(What you are asked to do)
Exclude the images and repeat all remaining entries exactly.

(Source records)
>>>>>
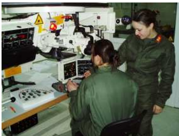
Εικ.24: Εργαστήριο Ηλεκτρονικών
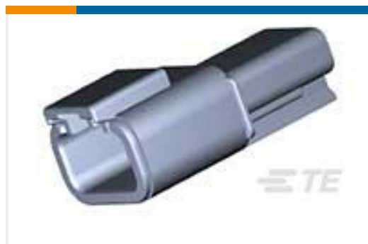
TE 产品编号DTMH04-3PA REC, 3P, BLK, N, HI TEMP, A
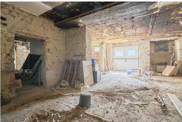
Bis zu ca. 3m Deckenhöhe
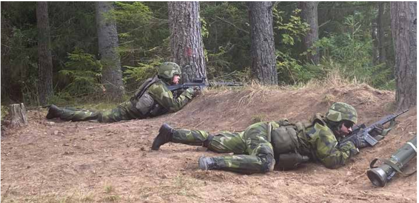
Hemvärnsgrupp genomför försvar av stridsställning. – Observatören observerar, övriga skydd!
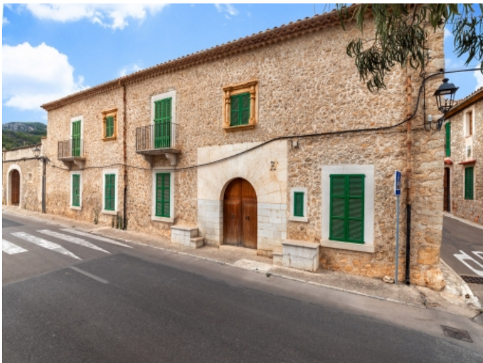
Frontansicht des Stadthauses
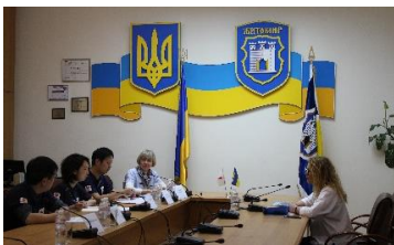
ジトーミル副市長との面会

オブルチ市役所では市長にお会いし、オブルチの子どもたちを日本へ招待することを伝えました。市長は「福島市とオブルチ市が姉妹都市となり、今後は福島の子どもたちにオブルチを見てもらいたい」と話してくださいました。また、現在の財政危機の影響でチェルノブイリ事故の処理が国内だけでは賄えず外国から支援を受けていることや、ヨーロッパ諸国の核廃棄物を受け入れる処理所をウクライナの汚染地域内に設立したことなども伺い、事故から30年以上たった今なお多くの課題が残されていることを痛感しました。
<<<<<
(Expected output)
Εικ.24: Εργαστήριο Ηλεκτρονικών
TE 产品编号DTMH04-3PA REC, 3P, BLK, N, HI TEMP, A
Bis zu ca. 3m Deckenhöhe
Hemvärnsgrupp genomför försvar av stridsställning. – Observatören observerar, övriga skydd!
Frontansicht des Stadthauses
ジトーミル副市長との面会

オブルチ市役所では市長にお会いし、オブルチの子どもたちを日本へ招待することを伝えました。市長は「福島市とオブルチ市が姉妹都市となり、今後は福島の子どもたちにオブルチを見てもらいたい」と話してくださいました。また、現在の財政危機の影響でチェルノブイリ事故の処理が国内だけでは賄えず外国から支援を受けていることや、ヨーロッパ諸国の核廃棄物を受け入れる処理所をウクライナの汚染地域内に設立したことなども伺い、事故から30年以上たった今なお多くの課題が残されていることを痛感しました。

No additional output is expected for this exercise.